Impact of insecticide resistance on vector immunity

When the infectious blood meal reaches the midgut of the female Anopheles, the immune system is deployed to prevent infections [20]. In the midgut, P. falciparum faces the peritrophic membrane, a physical barrier developed to prevent infections. It also protects against the damaging effects of the human blood factors like antibodies and regulates several digestive enzymes [55, 56]. Enzymes such as trypsin 1 and 2, chymotrypsin, carboxypeptidase, aminopeptidase and serine protease are upregulated during digestion to cleave the large content of proteins in the blood meal [57,58,59,60]. These proteases are apparently involved in the elimination of Plasmodium infections [61]. Three studies attempted to elucidate the effect of insecticide resistance on vectors’ immunity [62,63,64]. Mitri et al. [62], in a study evaluating genes implicated in the infectivity of An. coluzzii, demonstrated that the kdr-bearing para gene which carries mutations of the voltage-gate sodium channel (confering insecticide resistance) is not associated with infection but rather the ClipC9 gene directing the synthesis of Serine protease. This suggest that the effect of the resistant character on refractoriness to infection may be due to genes other than that involved in resistance to insecticides, and which happen to be linked to it. The Serine protease plays an important role in the activation of the three major immune signaling pathways in mosquitoes: Toll, Imd and JAK/STAT [20], which cause the release of antimicrobial peptides (AMPs) notably defensins, cecropins, attacin, gambicin and AgSTAT-A, effective against malaria parasites infections. Vontas et al. [63], using pyrethroid and organochlorine resistant An. gambiae strains, showed that defensin and cecropin are upregulated after pre-exposure to permethrin. This study sugggests that insecticide resistant mosquitoes may be better equipped than susceptible ones to combat infections, but these two immune effectors alone may not be decisive in rendering the vector completely refractory to malaria infections as many other pathways activated concomitantly during parasitic invasion are altogether implicated in the outcome of a contamination [20].

In Culex pipiens which is vector of many pathogens including arboviruses [65], filarial worms [66], and protozoa [67], immune response was stimulated in an insecticide resistant field strain by injection of Lipopolysacharide (LPS) immune elicitor. As result, no difference was found in the expression of defensin and cecropin as compared to the control group; but only an increase in gambicin was recorded [68]. One point can be drawn from these results to infer what might happen in malaria vectors: Plasmodium infections may trigger the overexpresion of some immune factors while the other may have their expression either down regulated or unchanged.

The reactive oxygen species (ROS) produced by cellular metabolism are another class of effectors of the innate immunity that can negatively affect malaria parasites [69, 70]. They kill the parasites through both lytic and melanization pathways [20]. Ingaham et al. [64] showed that An. coluzzii VK7 colony displaying kdr resistance mechanism, CYP6M6 and CYP6P3 metabolisers, had oxidoreductase overexpressed after sub-lethal exposure to deltamethrin, suggesting that this species could be more refractory to Plasmodium infection. At this point, it is necessary to verify whether under natural conditions, insecticide-resistant Anopheles mosquitoes will display an overexpression of ROS or not.

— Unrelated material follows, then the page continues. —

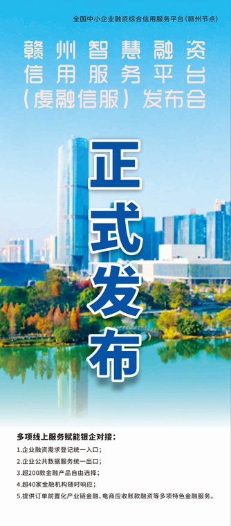 据悉,赣州智慧融资信用服务平台(虔融信服)是我市积极响应国家及省关于统筹融资信用服务平台建设提升中小微企业融资便利水平决策部署的重要体现,是围绕江西省融资信用服务“赣融信服”品牌打造的子品牌,作为全国融资信用服务平台的地方节点,旨在为赣州市中小微企业构建“一站式”融资对接及信用服务应用总控和服务总台,平台由市政府办、市发改委、人民银行赣州市分行、赣州金融监管分局指导,赣州发展投资控股集团建设运营,打造了企业融资需求登记统一入口(一码贷)、企业公共数据服务统一出口,超200款金融产品可自由选择,超40家金融机构随时响应,并且通过订单前置化产业链金融、直播电商应收账款融资等多项特色金融服务赋能银企对接。

Cellular immune responses are carried out by varous type of hemocytes that eliminate pathogens by phagocytosis, lysis and melanization [20]. Organochlorines and organophosphate were found to affect differently the hemocytes abundance including granulocytes in the insect Rhynocoris kumarii [71]. In mosquitoes, studies are needed to ascertain the impact of insecticide resistance on cellular immunity and the resulting effect on the infectivity of resistant vector to malaria parasite. Regarding melanization of pathogens, it is lead by the phenoloxidase (PO) produced by Oenocytoids [72, 73] and is regulated by serine protease inhibitors. In field-caught C. pipiens resistant to insecticide through an increase in detoxification (esterase) and target site mutation (ace-1), PO expression was equal to that of susceptible group [74], suggesting that some genes associated with immunity might not be affected by insecticide resistance character in mosquitoes. No studies have verified the effect of insecticide resistance on PO in malaria vectors.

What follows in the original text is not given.